At some point, it doesn’t make a difference whether your feelings are real or whether your feeling of feelings being real is the case. We still find things aversive enough as biological machines that it’s useful to call stuff like that “pain” or “sadness” or “unhappiness.” And even though it’s completely absurd to think that something good can happen to a machine, it’s good when the feeling of feeling pain is lessened.
That’s a level on which we have to function. Meaning feels real. Purpose feels real. Every now and then, our knowledge of the machine-ness should not get in the way of the fact that this is a weird machine that feels as if feelings are real.

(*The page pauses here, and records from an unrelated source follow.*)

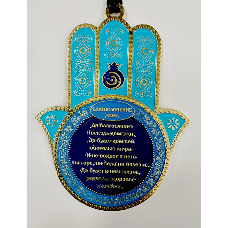 Компактное благословение для дома в форме металлической хамсы, текст на русском языке. Украшено гранатом - символом изобилия и плодородия.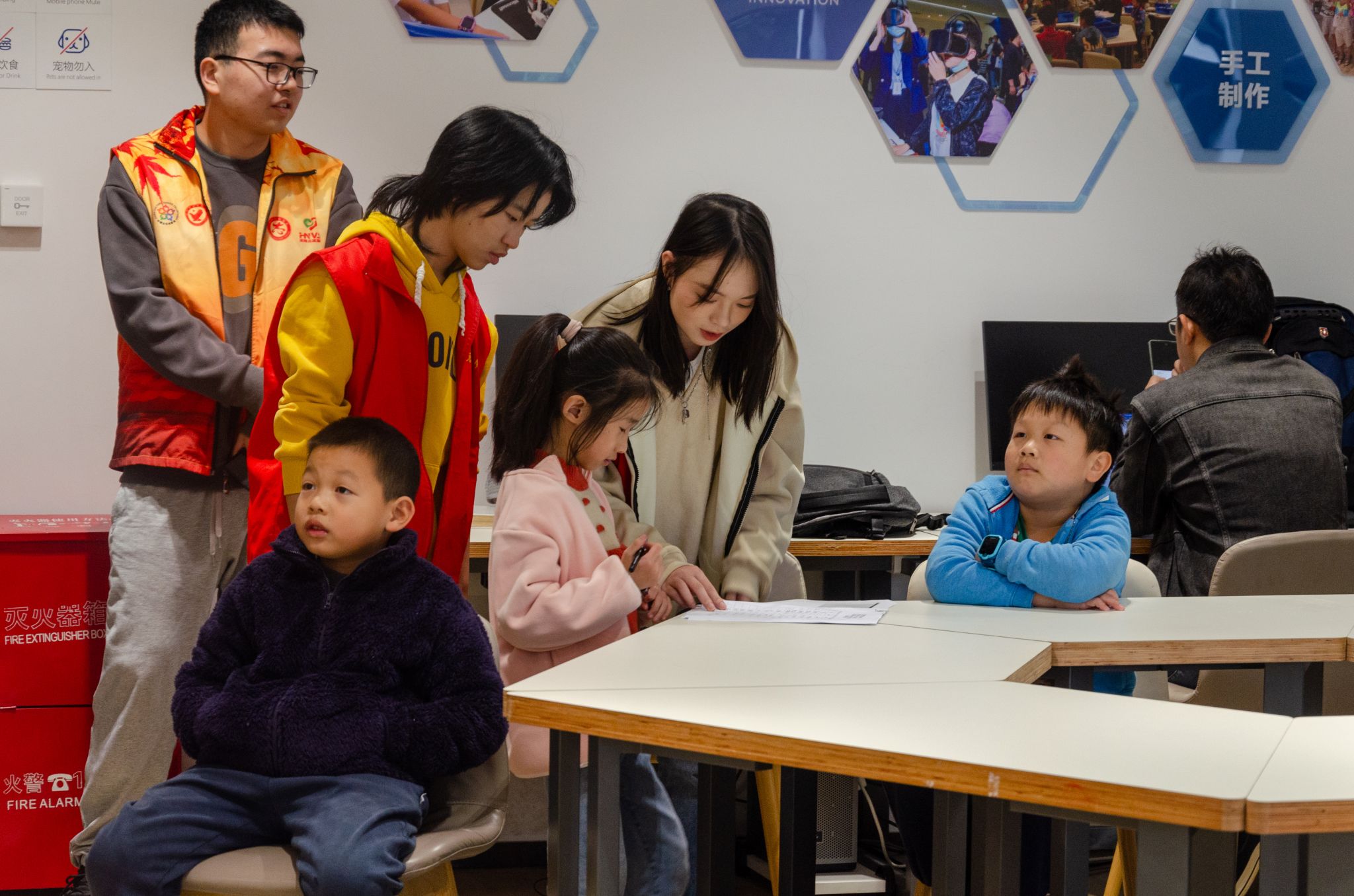 志愿者引导小朋友签到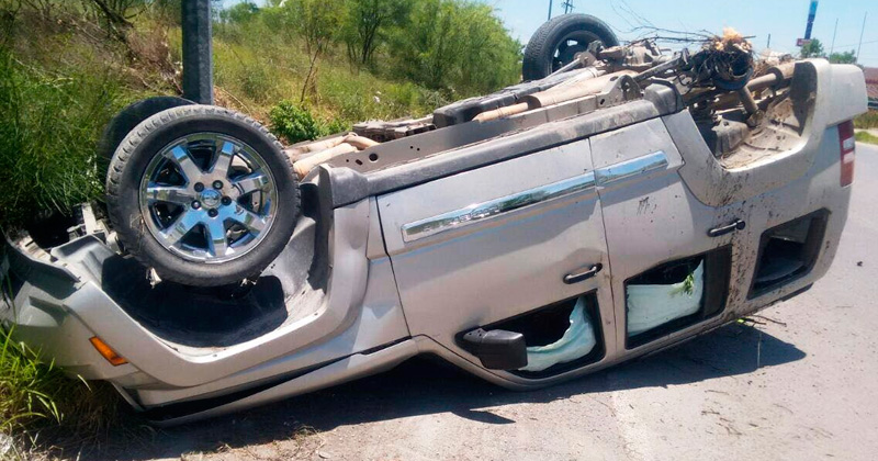 Delincuentes armados vuelcan luego de chocar en Matamoros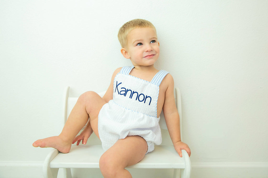 Unisex Seersucker Sun Bubble 100 percent cotton (check) Fully lined in 100 percent cotton Elastic in leg opening Snaps in crotch Our sun bubble available in several colors. It is fully lined, with snaps at the crotch and the shoulder straps have a series of button holes making the straps adjustable. You can also choose if you would like to cross the straps or wear them straight. The bubble has elastic in the leg openings. It would be super cute for Easter, 4th of July, and other summer gatherings.

Do we lose love, too, if we lose free will?
Yeah. Like: “Wow! Why? Why did this person turn out to love me? Where did that come from? And how much of that has to do with how my parents raised me, or what sort of olfactory receptor genes I have in my nose and how much I like their scent?” At some point you get to that existential crisis of, “Oh God, that’s what’s underlying all this stuff!” That’s where the machine-ness becomes something we should be willing to ignore.
But it’s not OK for you to decide, with the same denial of reality, that you truly deserve a better salary than the average human on this planet.
Do it for where it’s needed. I sure can’t do it more than a tiny percent of the time. Like once every three and a half weeks or so. It’s a confusing, recursive challenge to watch yourself watching yourself, and to decide that what you’re feeling feels real.